Data under study
________________

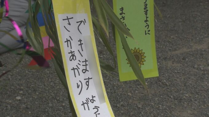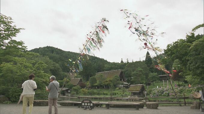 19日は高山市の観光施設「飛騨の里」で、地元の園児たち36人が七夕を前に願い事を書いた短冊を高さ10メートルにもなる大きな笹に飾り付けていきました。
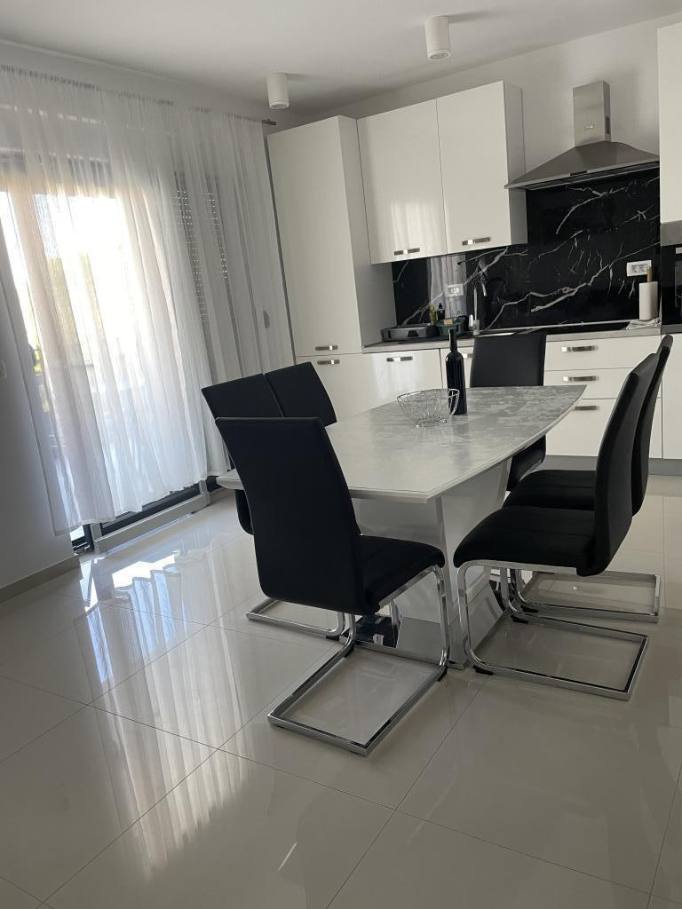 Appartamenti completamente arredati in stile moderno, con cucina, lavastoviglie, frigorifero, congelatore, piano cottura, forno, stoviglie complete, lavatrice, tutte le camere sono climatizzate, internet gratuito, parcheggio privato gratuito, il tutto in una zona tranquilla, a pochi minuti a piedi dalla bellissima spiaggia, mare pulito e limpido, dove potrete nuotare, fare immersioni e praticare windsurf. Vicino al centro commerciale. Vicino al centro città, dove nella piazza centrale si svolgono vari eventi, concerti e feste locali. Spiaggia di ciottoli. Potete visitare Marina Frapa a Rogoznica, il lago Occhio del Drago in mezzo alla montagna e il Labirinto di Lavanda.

________________

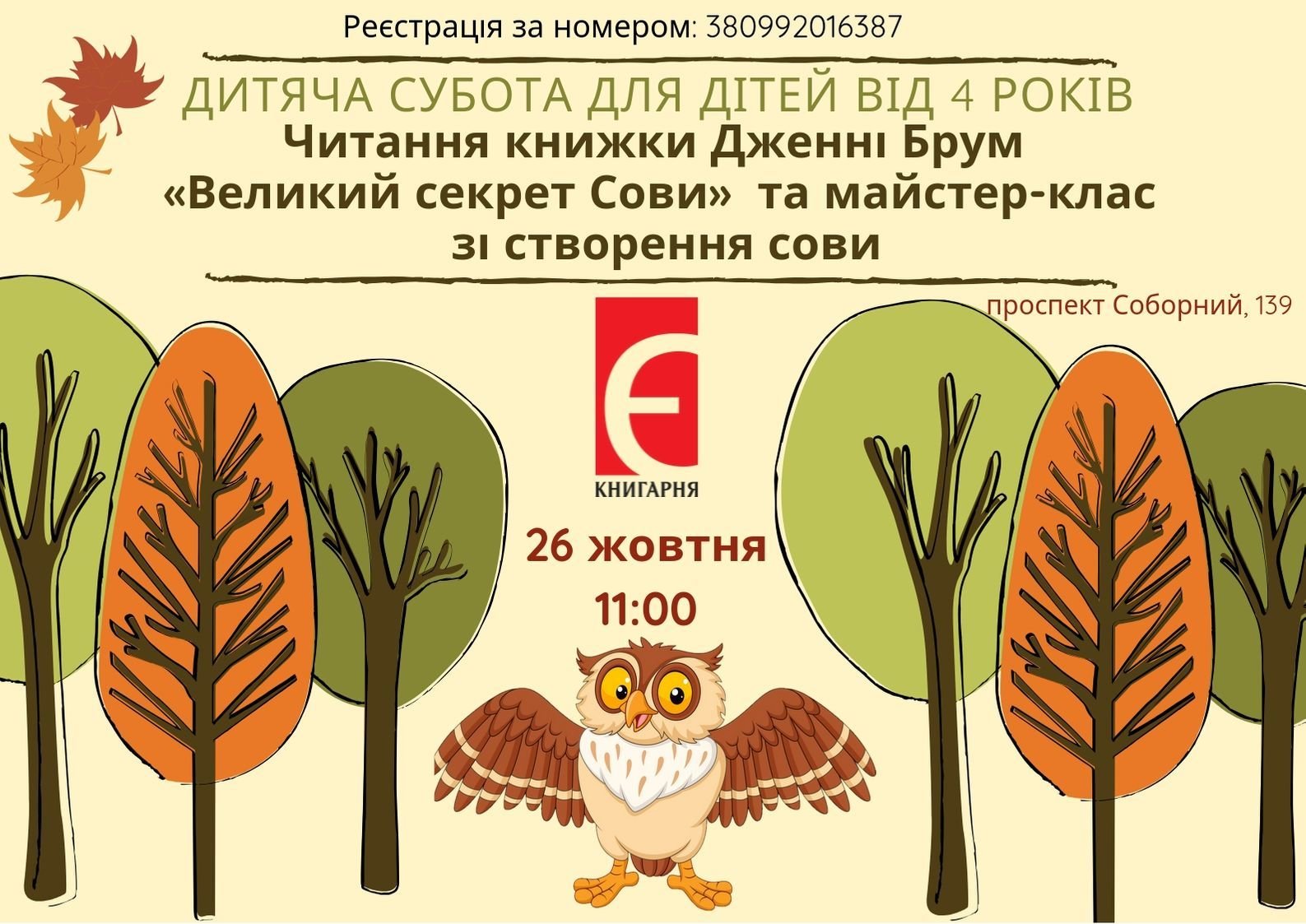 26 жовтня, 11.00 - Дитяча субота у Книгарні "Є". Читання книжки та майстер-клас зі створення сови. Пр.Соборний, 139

________________

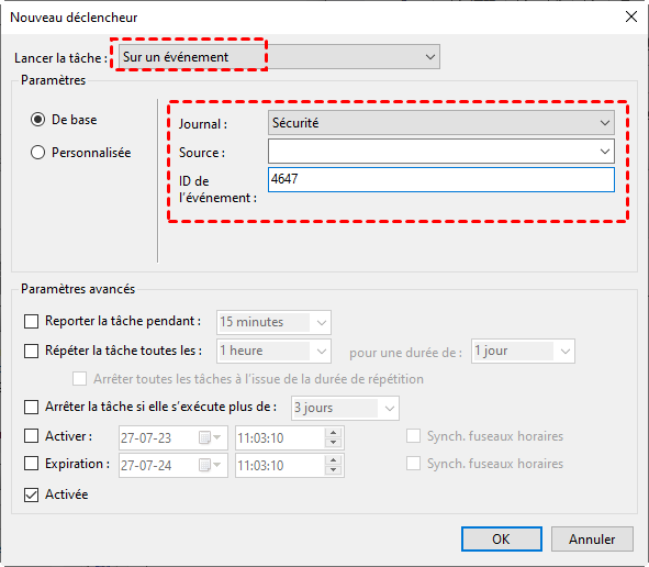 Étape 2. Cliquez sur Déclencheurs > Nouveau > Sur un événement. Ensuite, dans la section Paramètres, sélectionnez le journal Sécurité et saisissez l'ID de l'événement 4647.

________________

Problem details
Once the line with "19日は高山市の観光施設「飛" is found above, transcribe each line from it through the line with "Appartamenti completamente arredati", exactly, and omit the pictures.

Task response
 19日は高山市の観光施設「飛騨の里」で、地元の園児たち36人が七夕を前に願い事を書いた短冊を高さ10メートルにもなる大きな笹に飾り付けていきました。
 Appartamenti completamente arredati in stile moderno, con cucina, lavastoviglie, frigorifero, congelatore, piano cottura, forno, stoviglie complete, lavatrice, tutte le camere sono climatizzate, internet gratuito, parcheggio privato gratuito, il tutto in una zona tranquilla, a pochi minuti a piedi dalla bellissima spiaggia, mare pulito e limpido, dove potrete nuotare, fare immersioni e praticare windsurf. Vicino al centro commerciale. Vicino al centro città, dove nella piazza centrale si svolgono vari eventi, concerti e feste locali. Spiaggia di ciottoli. Potete visitare Marina Frapa a Rogoznica, il lago Occhio del Drago in mezzo alla montagna e il Labirinto di Lavanda.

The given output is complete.